La pequeña historia de los clavos y las agujas en la magia

EN EL SUMARIO...

 

1. Clavar el destino de la Antigüedad a la Edad Media
2. Fetiches clavados y poderes perforados en África
3. Puntas sagradas y maldiciones clavadas en Asia
4. Espinas rituales y flechas invisibles en las Américas


Ellos atraviesan, fijan, marcan. Objetos cotidianos ordinarios, los clavos y las agujas parecen tener solo una función útil. Sin embargo, detrás de su aparente banalidad, llevan una herencia persistente en las tradiciones mágicas de todo el mundo, desde Europa hasta los confines de Asia, de África a las Américas. Su simple presencia en un ritual plantea una pregunta: ¿y si un trozo de metal pudiera contener una voluntad? Elementos de respuesta.

1. Clavar el destino de la Antigüedad a la Edad Media

En la Antigüedad grecorromana, clavar un clavo era un gesto cargado de significado. Los antiguos veían en el acto de clavar el símbolo de una realidad fijada de manera irrevocable. Entre los etruscos y los romanos, un ritual oficial consistía en clavar cada año un clavo en el templo de Júpiter para conjurar la mala suerte y marcar el tiempo (el clavus annalis). Más generalmente, el clavo se impone como instrumento central de las maldiciones en la magia romana: los arqueólogos han desenterrado numerosas tablillas de execración (defixiones) de plomo que eran enrolladas o dobladas, luego perforadas con un clavo grueso y enterradas para maldecir a un enemigo, un lugar o un grupo.
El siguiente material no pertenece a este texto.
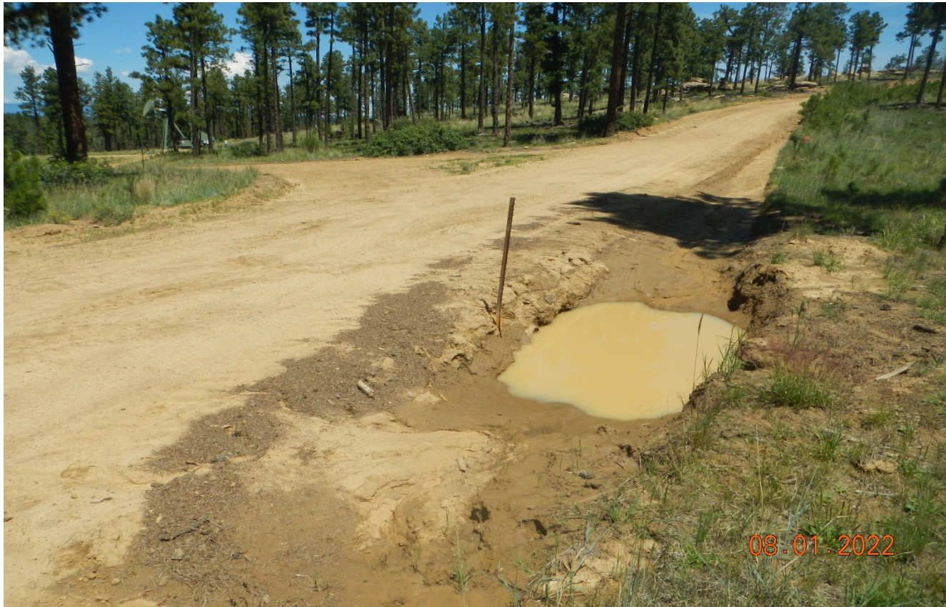
Photo 5. This culvert inlet was cleaned out however, the culvert is full of sediment which needs to be cleaned out. Lat/Long:36.99405,-104.84710.

Previous corrective action not completed.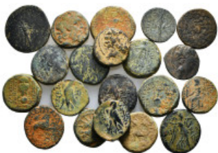
627 GREEK COINS Coins Group Lot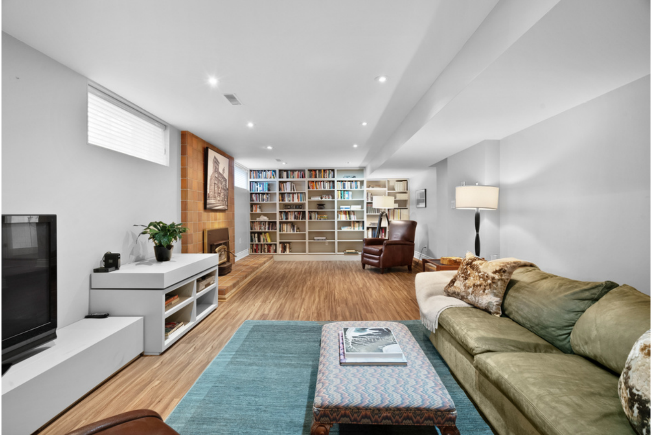
101 LYNDBURST AVENUE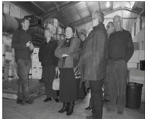
The Olway Estate Winery & Brewery

In the dim and distant past When life's tempo wasn't so fast Grandma used to rock and knit Crocket, tat and baby sit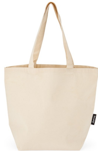
Shopping Bag | NR03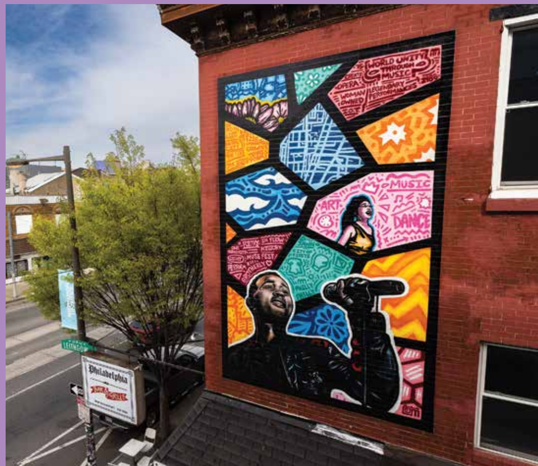
Legendary Performances © 2023 City of Philadelphia Mural Arts Program / Alloyius McIlwaine, The Fire, 412 West Girard Avenue.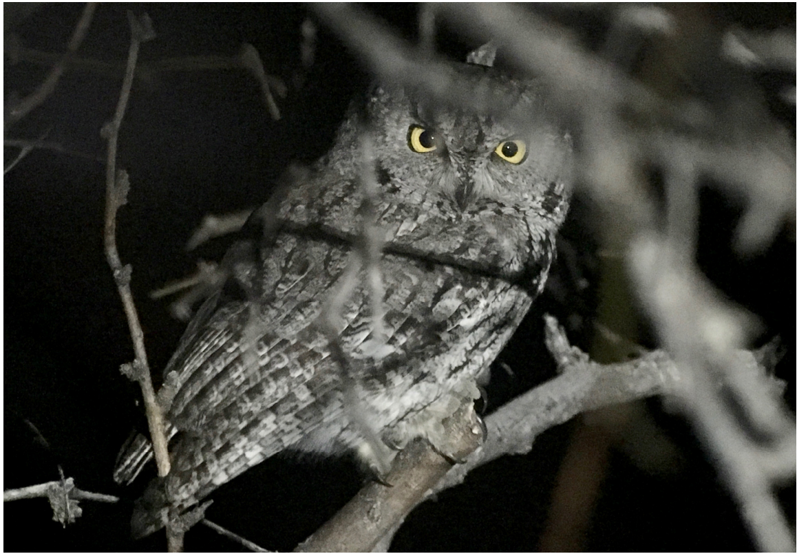
Western Screech-Owl, Madera Canyon, Arizona, January 18, 2018

Day Four found us in the Sulphur Springs Valley south of Willcox. A host of highlights were found, including the likes of Greater White-fronted Goose, a very rare male Eurasian Wigeon, an estimated 15,000 Sandhill Cranes, three more Ferruginous Hawks, another Prairie Falcon, a Barn Owl that magically perched in the open on a telephone pole (voted the favorite bird of the tour), Woodhouse's Scrub-Jay, Crissal Thrasher, another Sage Thrasher, Lark Bunting, Brewer's Sparrow, Lark Sparrow, and a swirling flock of Chestnut-collared Longspurs.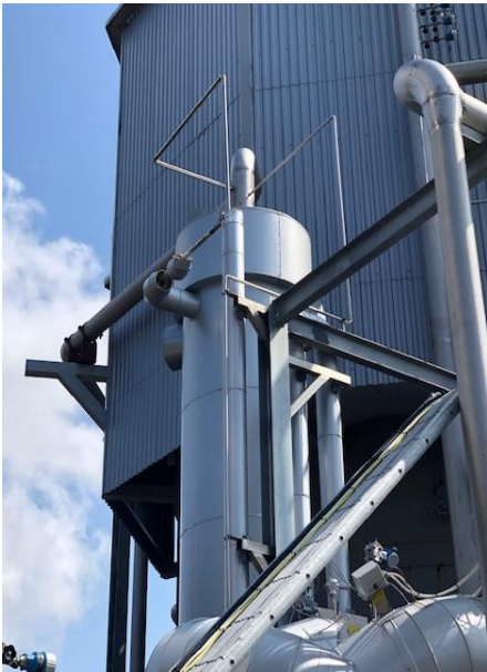
The water column with a newly built overfilling system

Milestone 3 (planned) : The plant supplies synthesis gas of approved quality to Höganäs with two bars of pressure without interruption for 168 hours (7 days)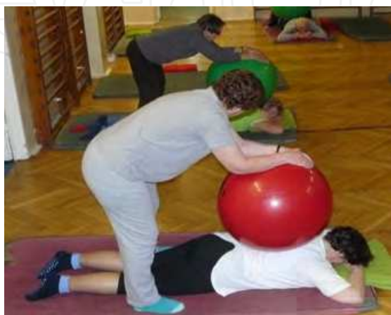
Fig. 2. Sensoric massage with Swiss ball

In physiotherapy praxis Pilates based exercises are also performed with a gymnastic stick, a gym ladder and a stool. Pilates based exercises using a Swiss ball are also very popular, as is sensoric massage with this tool.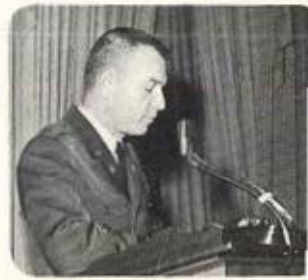
FILM PRESENTATIONS Page 15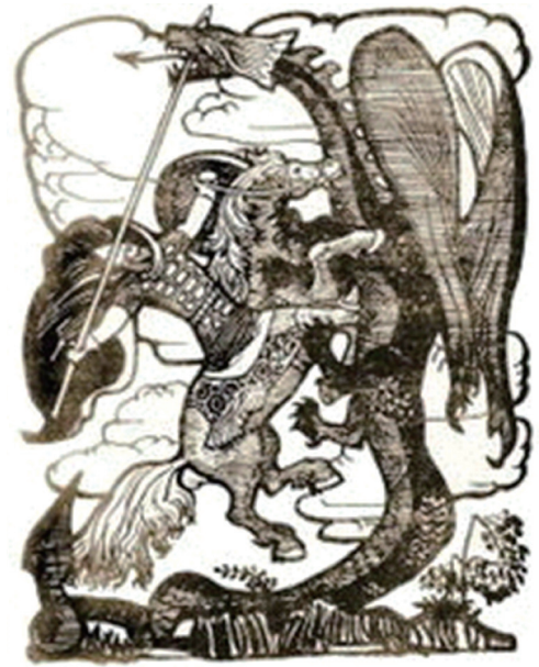
Figure 4. Dobrynya Nikitich slaying Zmey Gorynych, by Ivan Bilibin.

Generally speaking, Oriental mythologies (Chinese, Korean, Japanese) regard dragons as gods, heroes, with qualities of tran-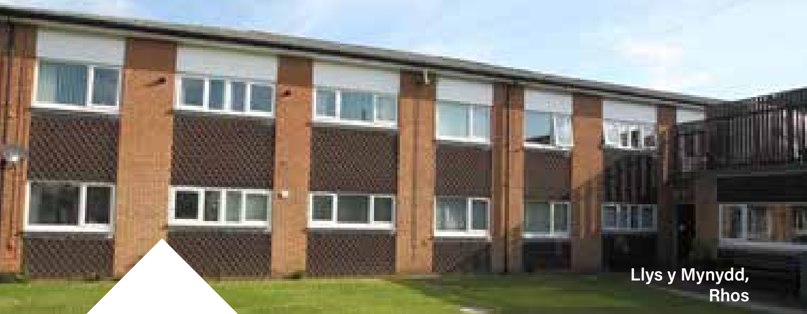
Llys y Mynydd, Rhos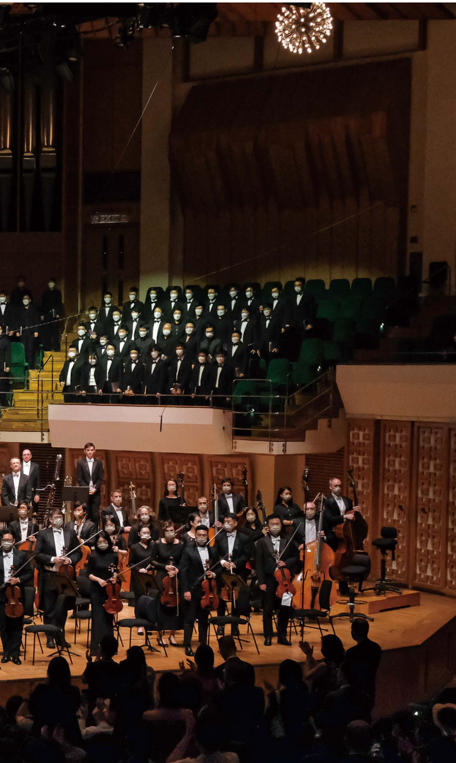
樂季揭幕：梵志登 | 貝九 Season Opening: Jaap | Beethoven 9

Se trata de una placa delgada de plomo, a veces de barro cocido o cera, sobre la cual se escribía el nombre del objetivo acompañado de una fórmula ritual destinada a invocar una deidad o un poder subterráneo para dañar a esa persona. Después de redactarla, la tablilla era enrollada, doblada, clavada o atravesada, y luego depositada en un lugar simbólico: una tumba, un pozo, un santuario o enterrada en el suelo. La idea era confiar la maldición a los espíritus del mundo subterráneo, a los muertos o a deidades ctónicas (relacionadas con la tierra) capaces de ejecutarla.

La pequeña historia de los clavos y las agujas en la magia

Tablillas de execración encontradas en excavaciones en Tongres. Fuente: The Conversation

El clavo, al «sujetar» la tablilla y lo que representa, garantizaba la inevitabilidad de la maldición, clavando simbólicamente a la víctima en el mundo subterráneo. A veces, una figurilla que representaba al objetivo acompañaba la tablilla: así, en el siglo IV d.C., se descubrió una pequeña dagyde de arcilla que representaba a una mujer encadenada, atravesada por trece agujas de bronce, en un vaso junto con su tablilla de maldición de plomo – un verdadero hechizo de más de 1600 años, hoy conservado en el Louvre. En otros casos, el clavo de maldición estaba grabado con fórmulas ocultas o símbolos (serpientes, deidades, etc.), como lo demuestran varios clavos mágicos romanos encontrados con inscripciones esotéricas.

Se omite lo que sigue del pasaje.